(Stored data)
- Opening Delimiter -
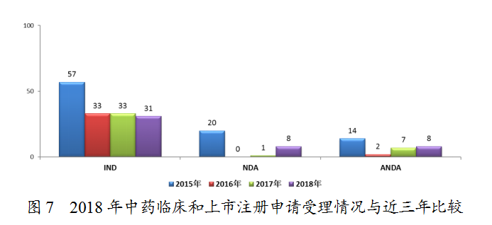 2018年,藥審中心受理1-6類中藥新藥注冊申請共37個品種,其中,受理中藥NDA 8個品種,較2017年增長了7倍;受理中藥IND 29個品種,且有1個品種為1類中藥創新藥IND申請。
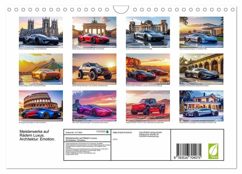 QUALITÄT - Hochwertiger Fotokalender mit 12 wunderschönen Motiven auf lichtbeständigem Bilderdruckpapier, robuste Spiralbindung mit Aufhängebügel.NACHHALTIG - deutliche Abfallreduzierung durch bedarfsgerechte Einzelstückfertigung, umweltfreundliches FSC-zertifiziertes Papier, Produktion in Deutschland, klimabewusste Logistik.PERFEKTES GESCHENK - Kalender für Freunde und Familie, für Kinder und Erwachsene, jung und alt, zu Weihnachten, Geburtstag oder zwischendurch.VIELFALT - Bildkalender in verschiedenen Formaten, z.B. DIN A5, DIN A4, DIN A3 sowie DIN A2. Ob Naturmotiv, Gemälde oder Fotos, ideal für ein persönliches Wohlfühlambiente.Designfahrzeuge vor imposanten Kulissen. von Autor(in): juehust
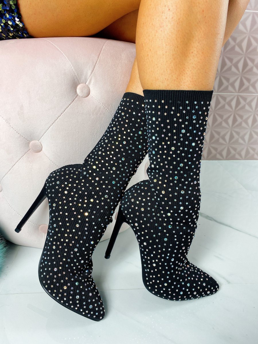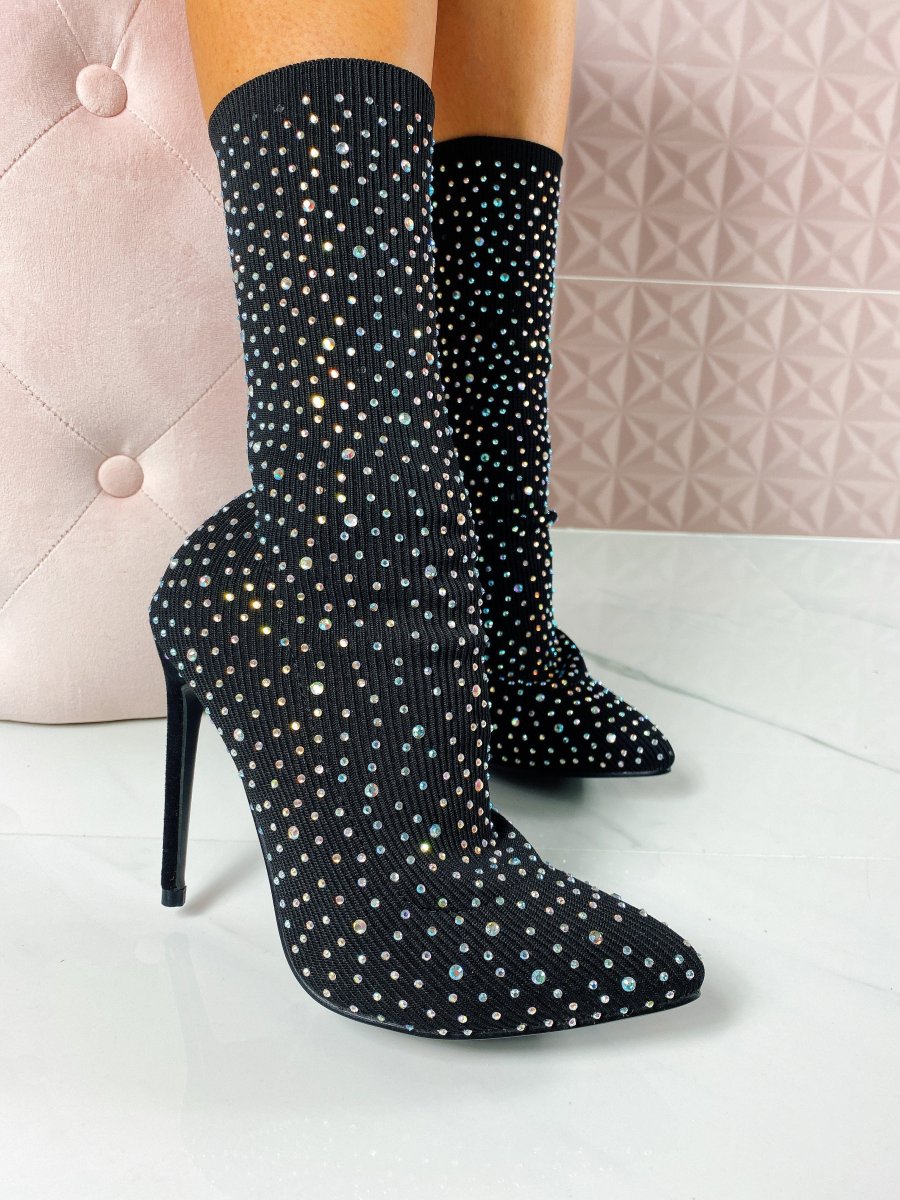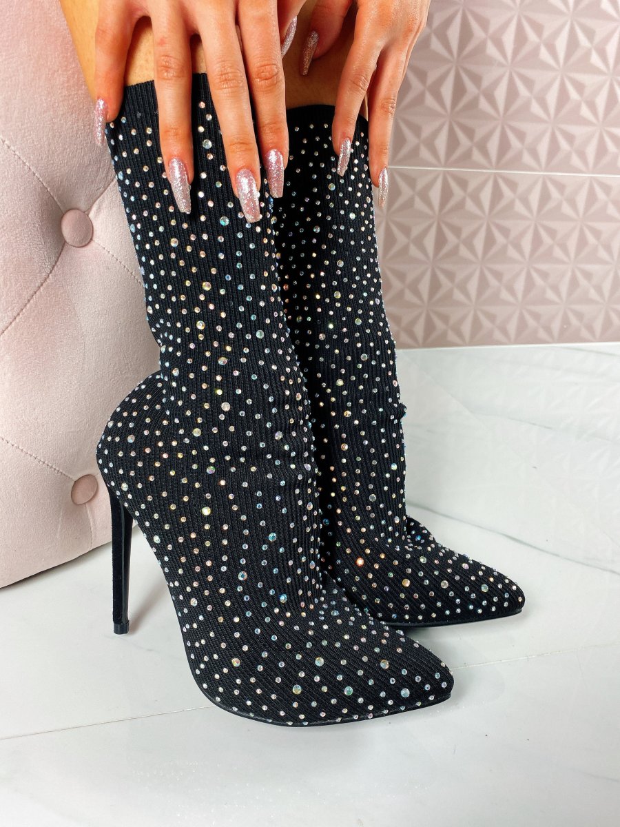 Stivale a calzino aderentissimo. Tra i mezzi numeri meglio uno in più . Pieno di strass
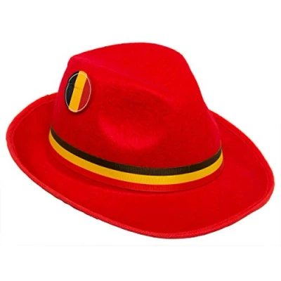 Hat belgium black-yellow-red. Contents: 1 Hat. Colour: Red. Hat size: 59 cm. The article is made of felt. You can use this article for the following party occasion(s): Football events and Theme parties., Manufacturer: Folat
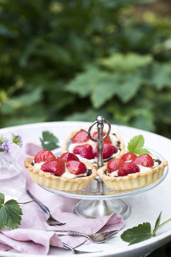 Jordgubbspajer med marsipankräm
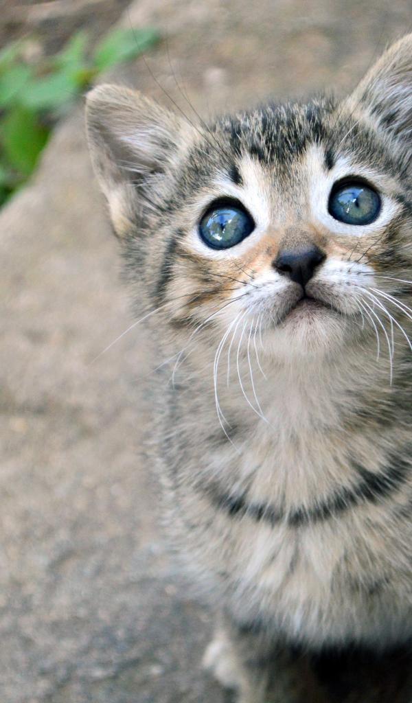 Wallpaper Cute fluffy gray kitten with big eyes in flowers
- Closing Delimiter -
• [ASSIGNMENT]: Could you reproduce exactly, and only, the lines from the start of the records through the line containing "Stivale a calzino", leaving out the pictures?

• [RESPONSE TO THE EXERCISE]:
 2018年,藥審中心受理1-6類中藥新藥注冊申請共37個品種,其中,受理中藥NDA 8個品種,較2017年增長了7倍;受理中藥IND 29個品種,且有1個品種為1類中藥創新藥IND申請。
 QUALITÄT - Hochwertiger Fotokalender mit 12 wunderschönen Motiven auf lichtbeständigem Bilderdruckpapier, robuste Spiralbindung mit Aufhängebügel.NACHHALTIG - deutliche Abfallreduzierung durch bedarfsgerechte Einzelstückfertigung, umweltfreundliches FSC-zertifiziertes Papier, Produktion in Deutschland, klimabewusste Logistik.PERFEKTES GESCHENK - Kalender für Freunde und Familie, für Kinder und Erwachsene, jung und alt, zu Weihnachten, Geburtstag oder zwischendurch.VIELFALT - Bildkalender in verschiedenen Formaten, z.B. DIN A5, DIN A4, DIN A3 sowie DIN A2. Ob Naturmotiv, Gemälde oder Fotos, ideal für ein persönliches Wohlfühlambiente.Designfahrzeuge vor imposanten Kulissen. von Autor(in): juehust
 Stivale a calzino aderentissimo. Tra i mezzi numeri meglio uno in più . Pieno di strass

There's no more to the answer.